À ce deuil politique succède un deuil plus intime, celui de
Madeleine, morte le 17 avril 1938.
Seconde guerre mondiale et fin de
vie
Gide part à la recherche de sa sérénité perdue. Le contexte
historique est peu favorable et la vieillesse lui ôte également certains
plaisirs : le piano que ses mains ne parcourent plus aussi souplement ; les
voyages pour lesquels il ne ressent plus l’enthousiasme qu’il savait si bien
faire partager ; le désir qui s'éteint.
Il ne faut que quelques jours à Gide pour passer de
l’approbation à la réprobation du maréchal
Pétain. Rapidement, il est accusé d'avoir
contribué à la défaite en raison de son influence sur la jeunesse. Les Allemands
reprennent en main la NRF, désormais dirigée par Drieu la Rochelle. Gide
refuse de s’associer au comité directeur. Il donne un texte au premier numéro
puis, devant l’orientation prise par la revue, s’abstient de toute autre
publication, à l’instar de
Mauriac. Il refuse également une place
d'académicien.
À l’atmosphère de Paris, il préfère un exil doré et serein sur
la Côte d’Azur, publiant occasionnellement des articles de critique littéraire
dans Le Figaro. À partir de 1942, les attaques dirigées contre lui
s’intensifient, sans qu’il puisse se défendre, pour cause de censure. Seul, il
s’embarque pour Tunis puis Alger, où il rencontre le général
de Gaulle. Il accepte la direction de
l’Arche, une revue littéraire dirigée contre la NRF.

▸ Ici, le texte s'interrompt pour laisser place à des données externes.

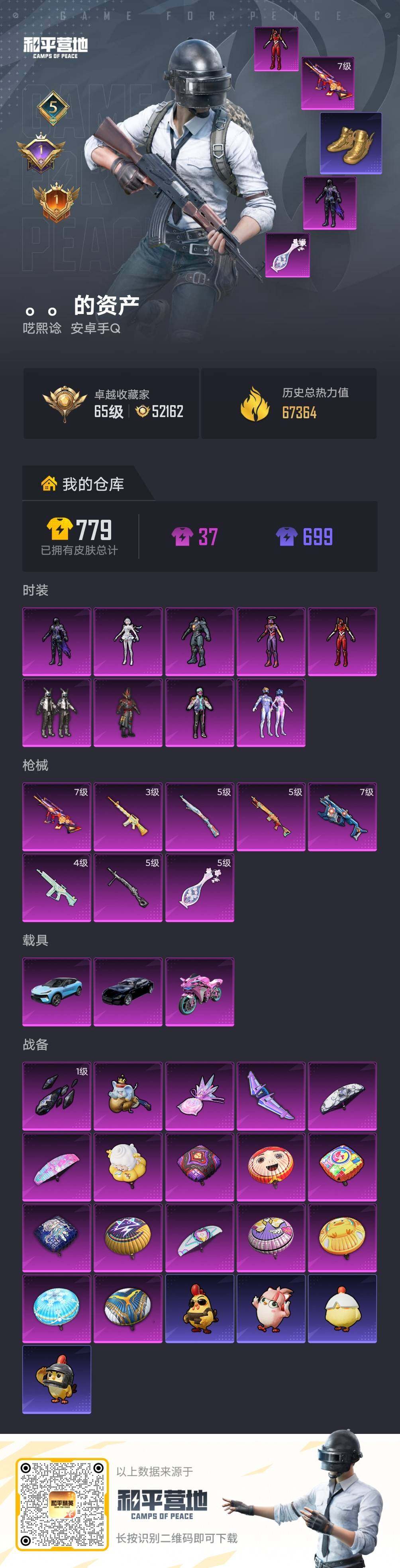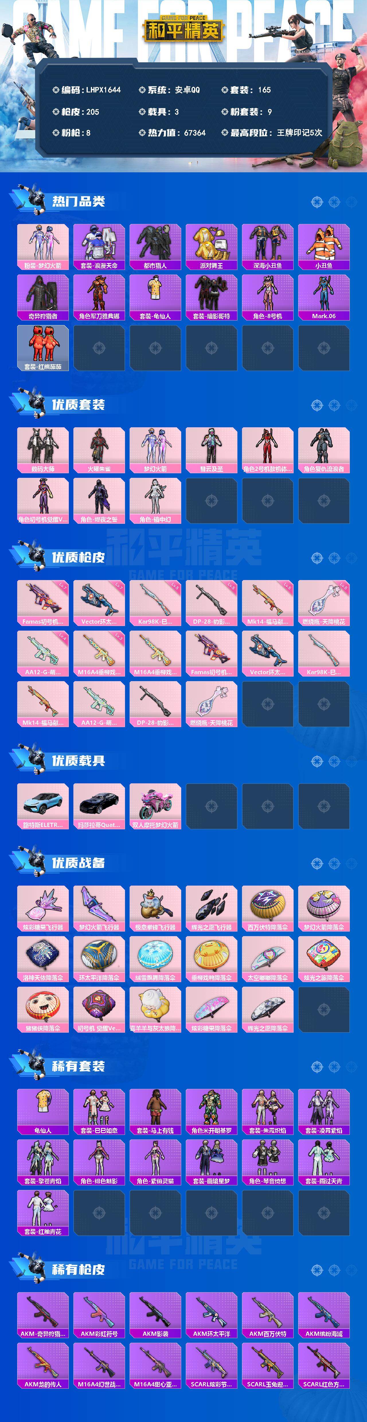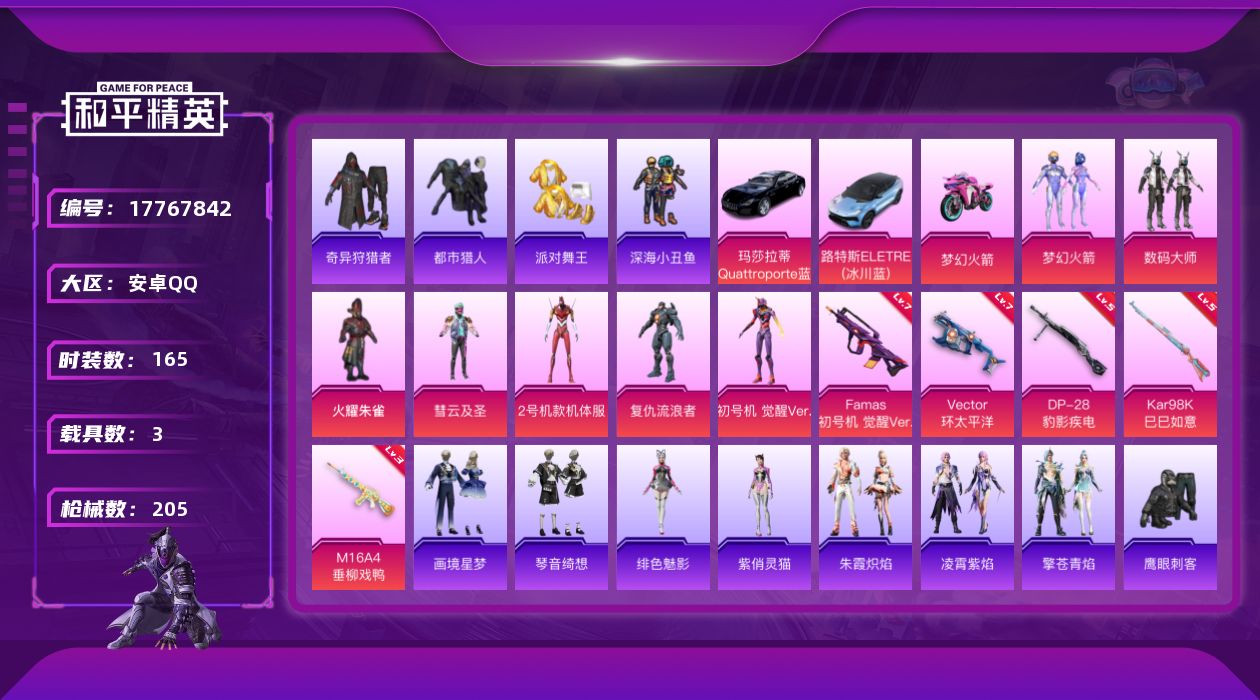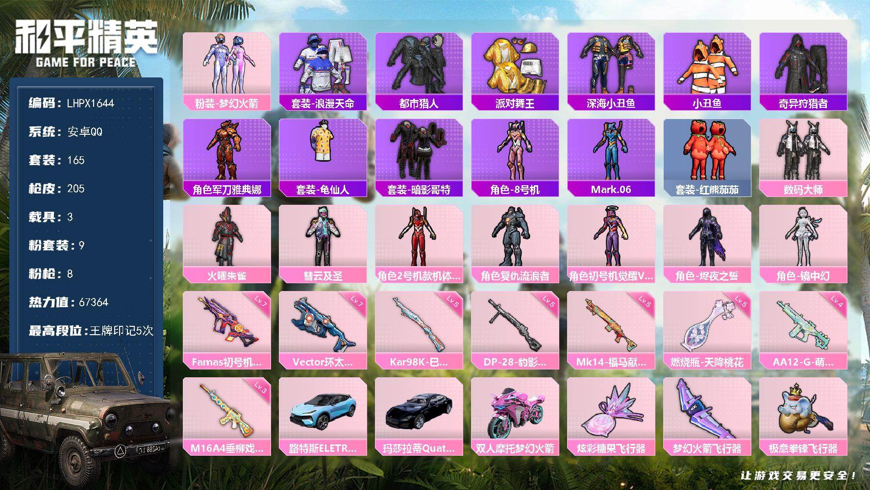 - [14038673]【特价!急出!】安卓 手Q-11粉装-13特效枪-2载具-4粉色飞行器-72361热力值-11王牌印记-142套装-215枪皮 【热门品类】:套装-小丑鱼,套装-龟仙人 【粉色载具】:晶梦灵驹,黑曜夜骑 【粉色套装】:粉装-寒光使者,粉装-莲影清波,角色-烟云彩露,角色-美琪,粉装-金丰海韵,角色-冷漠罗丽,角色-荧海星豚,角色-奇迹舞步 美琪,角色-奇迹舞步 美雪,角色-花灵,角色-羊梦糖心 【粉色枪皮等级】:M416-电玩时刻(五级),GROZA-镜光银凌(五级),AUG-暖羊咩咩(五级),蜜獾-荧海星豚(五级),汤姆逊-热量炸弹(五级),Kar98K-巳巳如意(五级),Mk14-甜梦熊击(五级),莫辛纳甘-未来领航者(四级),AMR-智耀战神(五级),DP-28-千金淑猫(五级),DP-28-豹影疾电(五级),PKM-江南烟雨(五级),MG-36-沧焰双生(五级) 【粉色枪皮】:M416-电玩时刻,GROZA-镜光银凌,AUG-暖羊咩咩,蜜獾-荧海星豚,汤姆逊-热量炸弹,Kar98K-巳巳如意,Mk14-甜梦熊击,莫辛纳甘-未来领航者,AMR-智耀战神,DP-28-千金淑猫,DP-28-豹影疾电,PKM-江南烟雨,MG-36-沧焰双生 【粉色飞行器】:英伦信使飞行器,晶梦幻蝶飞行器,彩虹独角兽飞行器,灵猫魔法师飞行器 【粉色降落伞】:花间之火降落伞,焦糖拿铁降落伞,恐龙拽拽降落伞,仲夏莫吉托降落伞,莲影清波降落伞,蜜语绒猫降落伞,江南烟雨降落伞,精灵梦叶罗丽降落伞,鸢尾晶梦降落伞,创世·救赎降落伞,星梦奇缘降落伞,千金淑猫降落伞,动力核心降落伞,赛博古神降落伞,晶梦幻蝶降落伞,樱桃泡泡降落伞,星月云朵降落伞,雪月幻音降落伞,幻彩电音降落伞,冷漠罗丽降落伞,智趣喵喵降落伞,荧海星豚降落伞,灵猫魔法师降落伞,绯穹魔姬降落伞 【稀有套装】:套装-龟仙人,套装-绒宝小鹅,套装-巳巳如意,套装-雏菊兔兔,套装-萝兰蝴蝶,套装-小熊娃娃,套装-糖糖葫芦,套装-青团波波,套装-棉花软糖,角色-都市丽猫,角色-摩登魅猫,套装-燕燕于飞,套装-鱼渊荷华,套装-辉光之湖,套装-晶灵使者,套装-晶辉守护,套装-白辉玉蕊,套装-雪夜云雾,套装-晨曦轻云,套装-粉恋花,套装-紫幽梦,套装-蓝冰羽,角色-鲛海歌灵,套装-霓虹热舞,套装-彩虹兔,套装-云朵鹅,套装-雪绒豹,套装-蜜露汐语
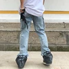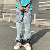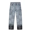 Pantalones vaqueros con estampado de llamas cruzadas para hombre, ropa de calle informal, rasgada, recta, de gran tamaño, con bolsillos, estilo Harajuku
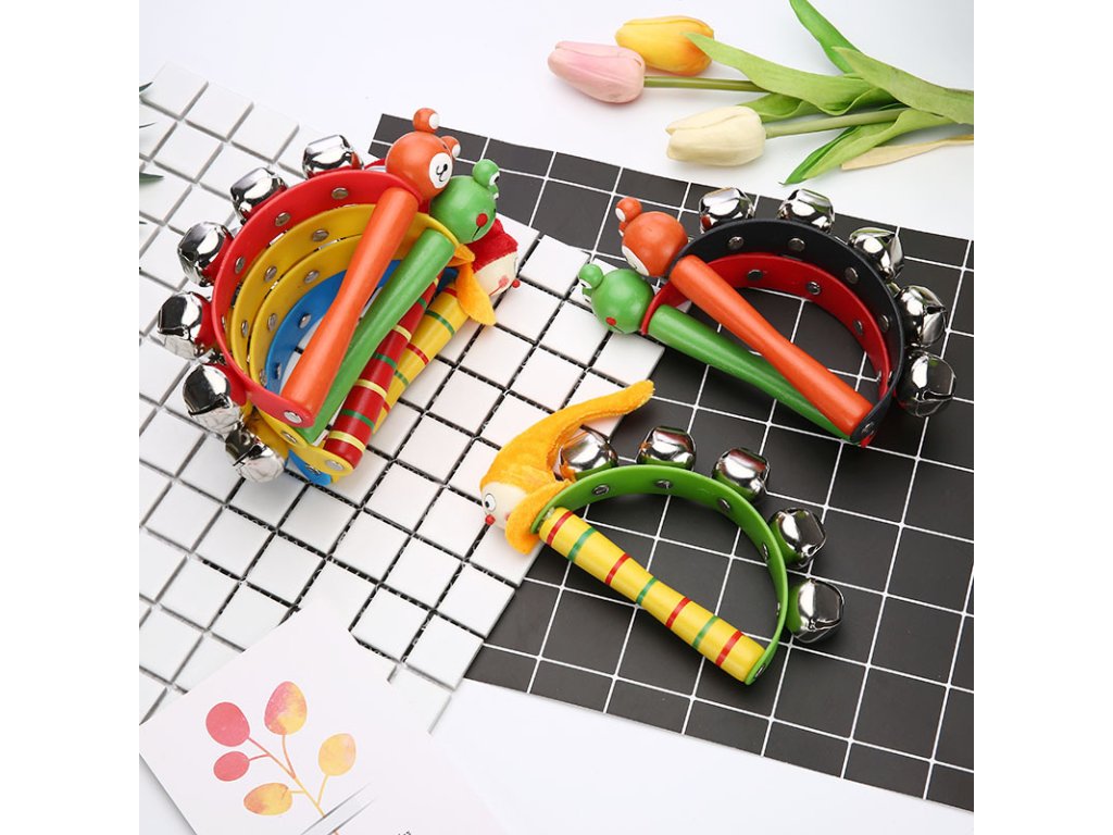 Hudební nástroj s plastovým obloukem zdobeným veselou hlavičkou zvířátka, doplněný kovovými rolničkami. Skvělý doplněk pro rytmickou výchovu a hudební zábavu. Prodává se po sáčcích po 12 ks
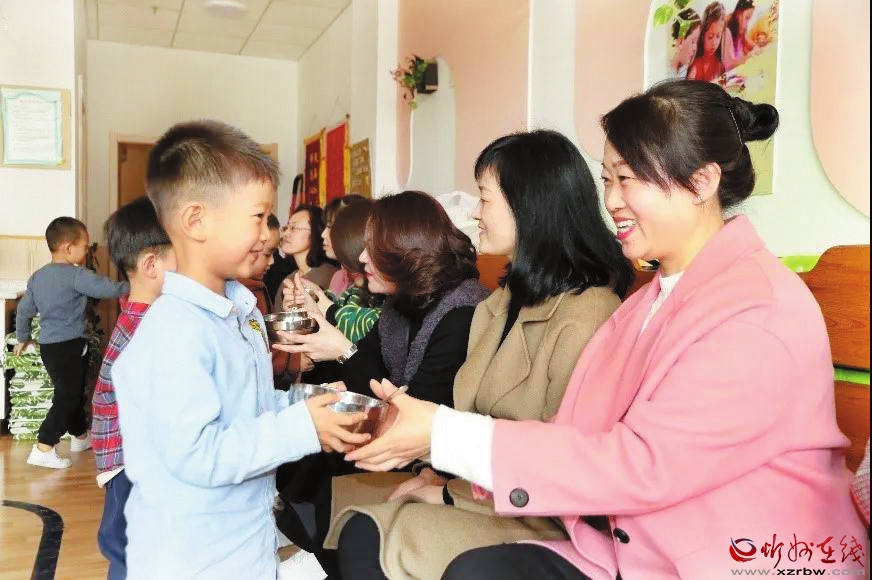 3月8日,忻州市幼兒園雁門分園舉辦了以感恩為主題的親子活動(dòng),通過形式多樣的活動(dòng)讓孩子們陪媽媽一起過節(jié),引導(dǎo)幼兒從小學(xué)會(huì)感恩,讓媽媽們感受到孩子的成長與愛。圖為活動(dòng)當(dāng)天,幼兒將自己做的梨湯送給媽媽。 (本報(bào)通訊員 攝)
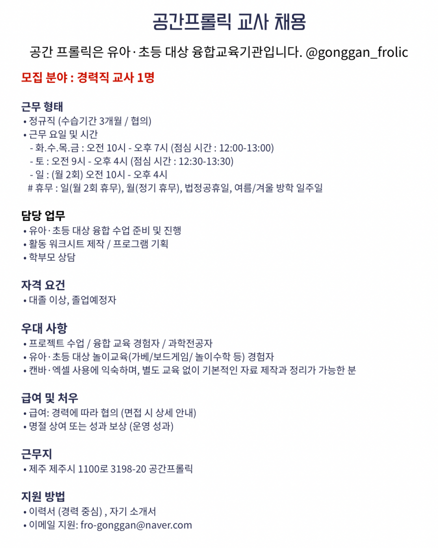 밝고 성실한 정규직 선생님, 보조 선생님 구합니다.
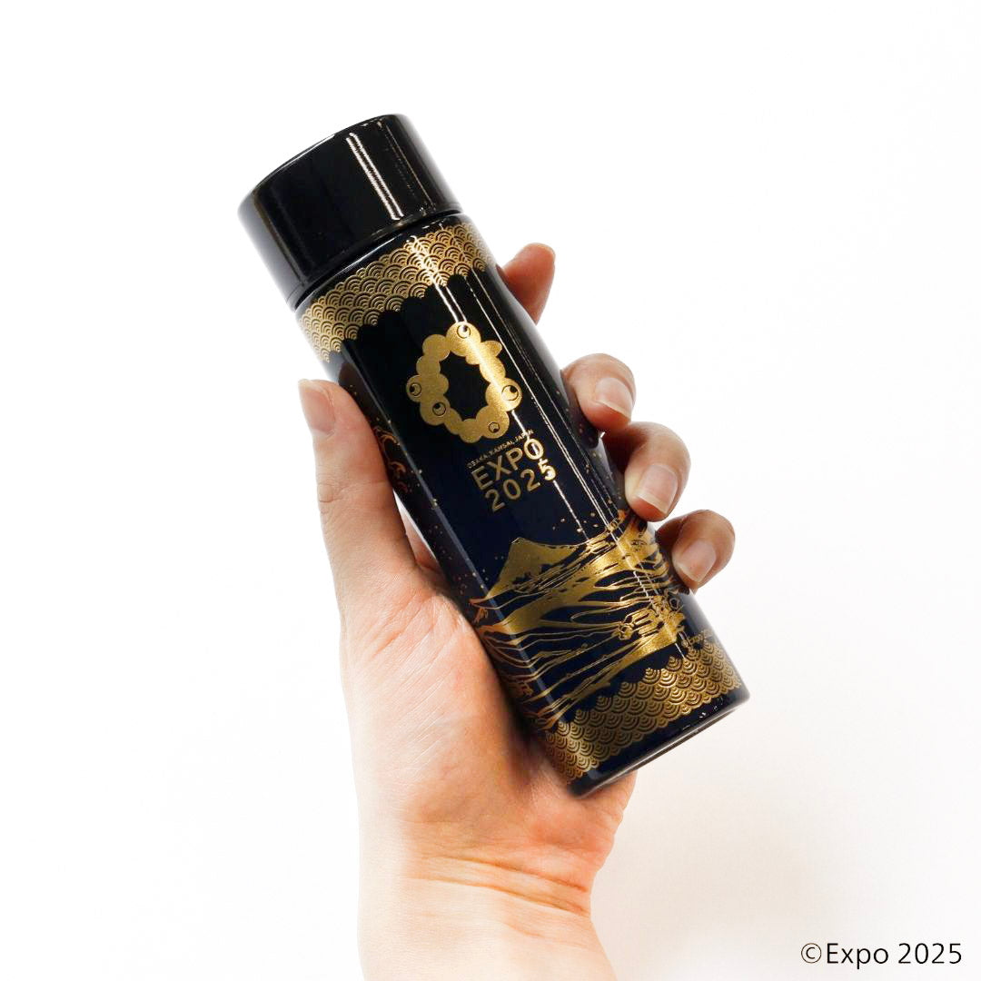 ●2025大阪・関西万博の公式ライセンス商品の手のひらサイズのステンレスボトル。
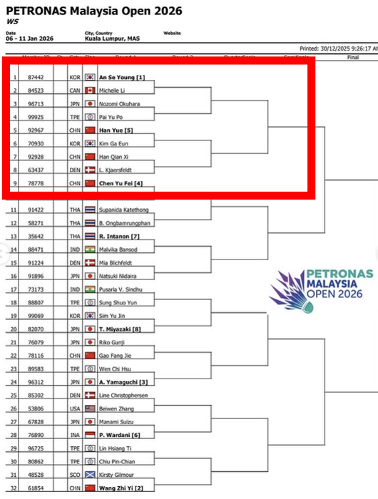 30일 발표된 세계배드민턴연맹(BWF) 월드투어 말레이시아 오픈(슈퍼 1000) 대진표에 따르면 안세영은 32강전부터 쉽지 않은 상대와 만난다.
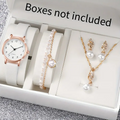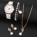 5 pcs Women's Watch Casual Fashion Quartz Watch & Faux Pearl Jewelry Set
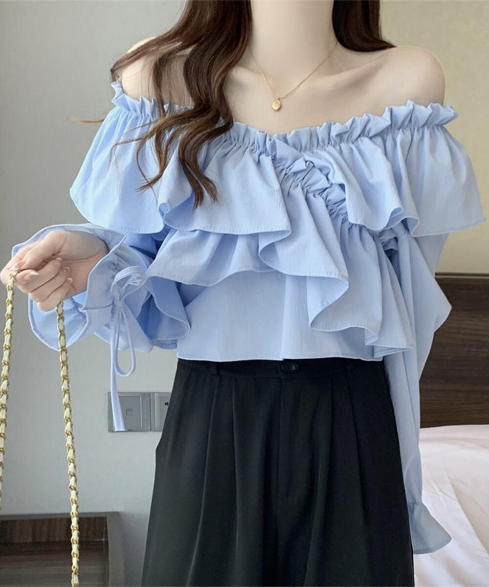 【日本倉庫からの発送】 フリルブラウス オフショルブラウス 長袖 #[84DAIW-002_23800]【送料込み】【250515】

Après la Libération, il choisit de ne pas rentrer directement
à Paris. Il craint l'épuration,
non pour lui-même ou ses proches, aucun ne s’étant compromis, mais pour la
dangereuse unanimité qui se crée à ce moment et qu'il juge totalitaire. Ses
nuances et ses doutes lui valent de nouvelles attaques d’Aragon. À son retour,
en mai 1946, il peine à trouver sa place dans un monde littéraire politisé, lui
qui a toujours voulu une littérature autonome, au contraire de
Sartre qui utilise volontiers sa notoriété à
des fins politiques.
Après 1947, il n’écrit presque plus. Tout en affirmant haut et
fort qu’il ne renie rien, l'écrivain scandaleux qu'il a été accepte les hommages
des institutions conservatrices (Oxford,
prix Nobel de littérature en 1947).
Il réaffirme également le rôle de l'intellectuel détaché de
l'actualité. C'est par la littérature qu'il s'est dressé contre les préjugés de
son temps et son influence est moins redevable à ses engagements politiques qu’à
son art.
Sa principale préoccupation est désormais la publication de
ses dernières œuvres, notamment son Journal (premier tome en 1939, second
en 1950, avec quelques coupures à chaque fois) qu’il ne veut pas laisser à la
charge de sa descendance familiale et spirituelle. En juillet 1950, il commence
un dernier cahier, Ainsi soit-il ou Les jeux sont faits, dans lequel il
s'efforce de laisser courir sa plume.
Malade despotique entouré de ses fidèles, il s’achemine vers
une mort calme, dénuée d’angoisse et sans le sursaut religieux que guettaient
encore certains. Décédé le 19 février 1951, on l’enterre auprès de Madeleine, à
Cuverville, quelques jours plus tard.